Add concurrency safe context option.

[andreiavrammsd]

Update: Safe context is used by default, with no option to disable it.

---

Update: Safe context is by default, with the option to use it unsafe.

---

If SafeContext option set to true on an Echo server instance, contexts will be concurrency safe.

I met the #273 issue while running GraphQL with concurrent resolvers, and I think it would be nice to offer the option of concurrency safe contexts.

Usage

e := echo.New()
e.SafeContext = true

Benchmarks

• Non safe:

goos: linux
goarch: amd64
pkg: github.com/andreiavrammsd/echo
5000000	       408 ns/op
PASS

func BenchmarkContext_Store(b *testing.B) {
	for i := 0; i <= b.N; i++ {
		e := &Echo{}

		c := &context{
			echo: e,
		}
		c.Set("name", "Jon Snow")
		c.Get("name")
	}
}

• Safe:

goos: linux
goarch: amd64
pkg: github.com/andreiavrammsd/echo
3000000	       545 ns/op
PASS

func BenchmarkContext_SafeStore(b *testing.B) {
	for i := 0; i <= b.N; i++ {
		e := &Echo{}
		e.SafeContext = true

		c := &context{
			echo: e,
		}
		c.Set("name", "Jon Safe")
		c.Get("name")
	}
}

[codecov]

Codecov Report

Merging #1158 into master will increase coverage by 0.03%.
The diff coverage is 100%.

@@            Coverage Diff             @@
##           master    #1158      +/-   ##
==========================================
+ Coverage   81.78%   81.82%   +0.03%     
==========================================
  Files          26       26              
  Lines        1933     1937       +4     
==========================================
+ Hits         1581     1585       +4     
  Misses        243      243              
  Partials      109      109

Impacted Files	Coverage Δ
context.go	74.68% <100%> (+0.43%)	⬆️

---

Continue to review full report at Codecov.

Legend - Click here to learn more
Δ = absolute <relative> (impact), ø = not affected, ? = missing data
Powered by Codecov.
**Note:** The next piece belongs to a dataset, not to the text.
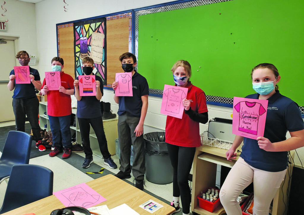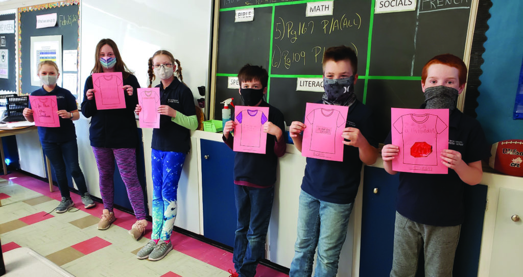 JARVIS—Gavin Stewart, Matthew Petheram, Drew Gibbons, Ryan DeWaard, Kaitlyn Stam, and Sophie VanBenthem proudly display their T-shirt creations.

Last update 8896575...a91ca8c. Read the comment docs.

[stale]

This issue has been automatically marked as stale because it has not had recent activity. It will be closed if no further activity occurs. Thank you for your contributions.

[andreiavrammsd]

Is this explicitly not desired or has it been missed? I can close it with no problem if it's not in the Echo vision.

[alexaandru]

Most likely missed @andreiavrammsd Thank you for the PR.

Looks like a good idea to me. In fact I don't see why anyone would prefer the unsafe version. Thoughts @vishr @im-kulikov ? In fact, I would propose an "opposite" PR: change Echo so that safe is the default option and add an UnsafeContext option instead (for cases where people both: 1) know exactly what they are doing and 2) they really need every bit of speed they can squeeze out of Echo).

[im-kulikov]

Wow. It's interesting, but I'm leaning towards @alexaandru. This way, we won't break backward compatibility and give additional features to those who really need it.

[andreiavrammsd]

@im-kulikov, wouldn't it break compatibility if safe context were to be default because it would be a sudden change of default behaviour?

[im-kulikov]

hmmm.. make sense...

[im-kulikov]

I think there's been a misunderstanding. It will be more predictable if the context is to be thread safe out of the box.

[alexaandru]

If anyone depends on their application crashing, then there's a very easy fix for that: just use math/rand and from time to time call panic(). That should bring things back to as they were before this :-)

Now joking aside, I don't see how anyone could raise the "backward compatibility" card, when all we're doing is touching the internals and eliminate a possible crash condition. No signature changes, we don't remove anything from the public interface, we simply ensure that under certain conditions, the app will not crash.

Now OTOH, not sure that having all requests both write and read from context is by itself a good pattern. If you need all your requests to do that concurrently, probably you're missing a datastore of some sort (could be in memory, Redis, BoltDB, whatever). I mean locks only ensure it is safe to do so, but it doesn't make it right :-) Which is probably one of the reasons why no one complained about it so far...

I still think we should fix it, I just think we should not encourage using context like it's some sort of database.

[andreiavrammsd]

One could argue that locking is degrading performance, but if you get to this situation, you'll be able to use the UnsafeContext.

I'll update the PR with the opposite implementation by adding the UnsafeContext option.

[alexaandru]

Yeah one could try to argue that, but it would be a weak argument. There's no framework that I know of that has the speed as part of their public interface. Nowhere in the README (or any other docs) does Echo say "a request should complete within X ms". I think we're safe :-)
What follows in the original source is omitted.